Category: All posts
Nov 29, 2023
Database compression is a critical technique in the world of data management—and an infamous gap in the PostgreSQL toolkit. Even if TOAST (The Oversized-Attribute Storage Technique) plays a pivotal role in PostgreSQL when it comes to efficiently storing large data values, it is not functional nor efficient enough to serve as a modern database compression mechanism.
But we’ll let the numbers prove our point! In this blog post, we show you how Timescale’s columnar compression can help you reduce your PostgreSQL database size (in a way that TOAST could never do!) by running a comparative analysis between both compression techniques.
You can then learn how the Timescale compression mechanism works and get advice on implementing it: Timescale is fully built on PostgreSQL, and you can try it for free to experiment with compression in your PostgreSQL databases.
In essence, TOAST is PostgreSQL's built-in method for managing large data values that don't fit within its fixed page size (8 kB). It compresses these oversized values and, if they're still too large, moves them to a separate TOAST table, leaving pointers in the original table.
However, TOAST is not a comprehensive solution for data compression in PostgreSQL. Its primary role is to manage large values within a Postgres page, not to optimize overall storage space.

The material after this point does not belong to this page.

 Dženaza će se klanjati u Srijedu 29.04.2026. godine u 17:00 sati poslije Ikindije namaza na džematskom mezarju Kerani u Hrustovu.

TOAST lacks user-friendly mechanisms for dictating compression policies, and accessing TOASTed data can add overhead, especially when stored out of line.

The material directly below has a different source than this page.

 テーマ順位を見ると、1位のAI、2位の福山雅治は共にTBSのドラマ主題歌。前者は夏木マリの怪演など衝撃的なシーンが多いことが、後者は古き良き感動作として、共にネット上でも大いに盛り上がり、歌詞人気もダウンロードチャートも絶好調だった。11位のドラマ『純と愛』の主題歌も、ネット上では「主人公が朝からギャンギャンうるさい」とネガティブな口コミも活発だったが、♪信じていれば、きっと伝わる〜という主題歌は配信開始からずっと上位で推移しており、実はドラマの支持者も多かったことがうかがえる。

To give PostgreSQL a more modern compression mechanism, Timescale introduced columnar compression to PostgreSQL through the TimescaleDB extension. This columnar method can significantly reduce the size of your large PostgreSQL databases by up to 10x, with over 90 % compression rates, by shifting from PostgreSQL’s row-based storage to a columnar approach. This columnar compression not only reduces storage needs but also improves query performance, making PostgreSQL databases much more easily scalable.
Before getting into what Timescale compression is all about (and how to configure it if you decide to test it), let’s jump straight into the purpose of this blog post—to see how Timescale compression compares to TOAST in terms of compression ratios. We want to know which compression technique is more effective at reducing PostgreSQL storage.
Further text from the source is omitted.